One year since Flint, Michigan, made headlines after children across the city were exposed to lead in drinking water, a new report found that almost 3,000 cities across the United States face at least double that city’s lead poisoning rate. Yet local health officials say many of these “lead hot spots” are receiving little attention or funding, Reuters reports.

For the study, researchers examined blood test results from neighborhoods they obtained from state health departments and the U.S. Centers for Disease Control and Prevention (CDC). After reporters submitted public information requests in all 50 states, they found that more than 1,100 of these neighborhoods showed that the rate of elevated lead levels in the blood measured at least four times higher than those uncovered in the now-infamous city. 

Among the most poisoned places on the map were Warren, Pennsylvania; Goat Island, Texas; and troublesome hot spots in the cities of Baltimore, Cleveland and Philadelphia, where tests show lead poisoning spanned generations. 

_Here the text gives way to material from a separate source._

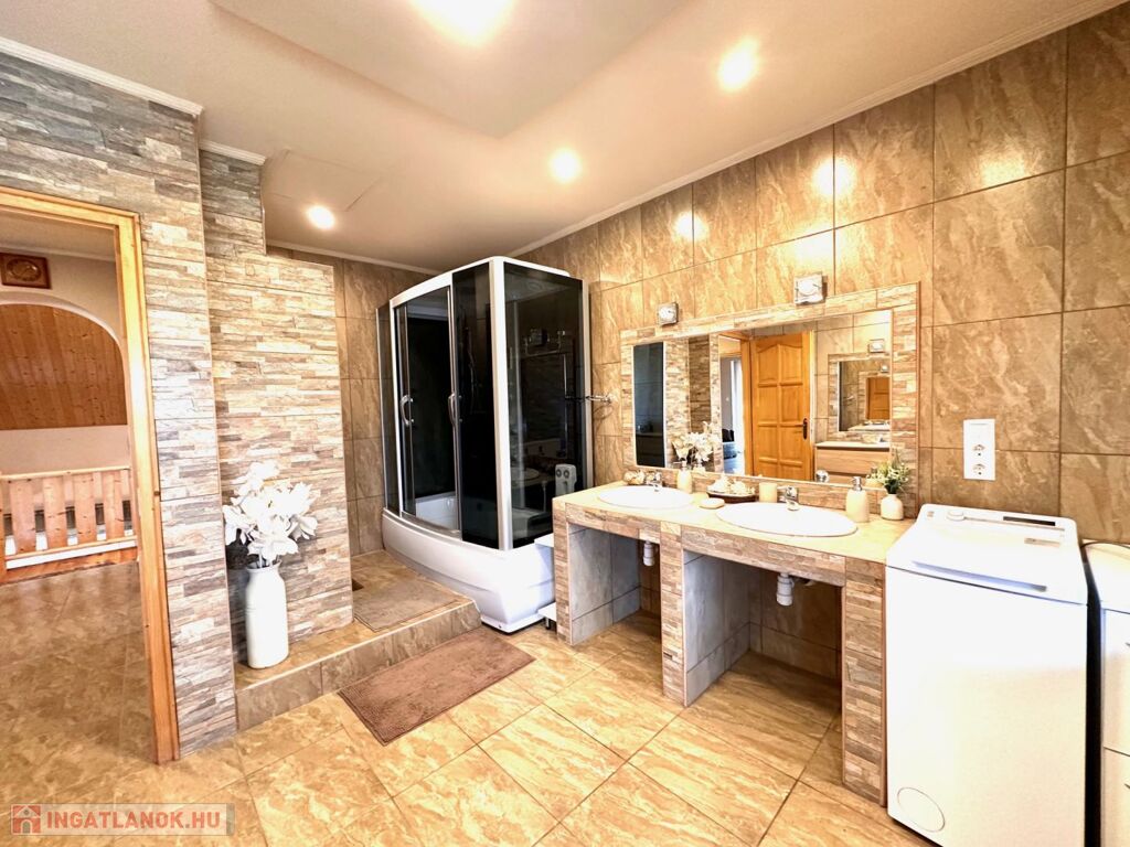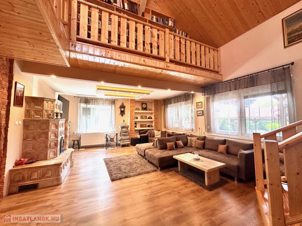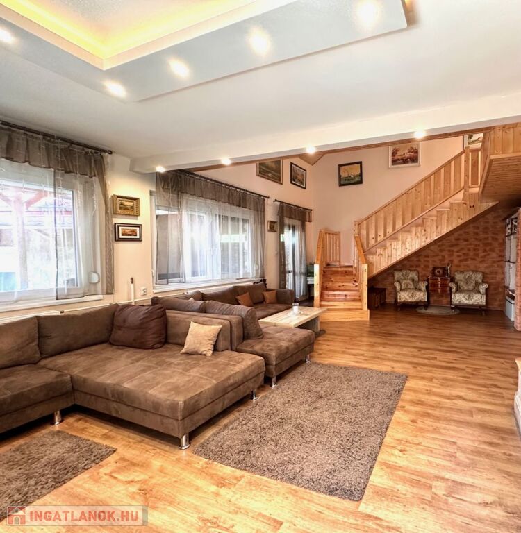 - ebben a házban két lakrész található a fő része 116 m2 alapterületű 3 szinten!! Nappali + 4 szoba + könyvtár galéria+teljes pince garázzsal!!!

As in Flint, the source of lead in many of these localities was crumbling lead paint, lead plumbing or industrial waste left behind from old infrastructure. The report found that while poverty was an important predictor of neighborhoods that were more likely to have high lead levels, victims of poisoning hailed from the ranks of the poor and rich, Black and white and those who dwelled in rural and urban areas. Unlike the water crisis in Flint, however, many of these lead poisoning emergencies were largely ignored, unfunded and unreported. 

“I hope this data spurs questions from the public to community leaders who can make changes,” said Robert Walker, MD, an epidemiologist and cochair of the CDC’s Lead Content Work Group, which evaluates reports of lead poisoning across the country. “I would think that it would turn some heads.” 

The CDC currently defines elevated lead levels as above 5 micrograms of lead per deciliter of blood. But pediatricians say there is no safe level of lead for kids. In addition, there’s currently no available treatment for lead poisoning.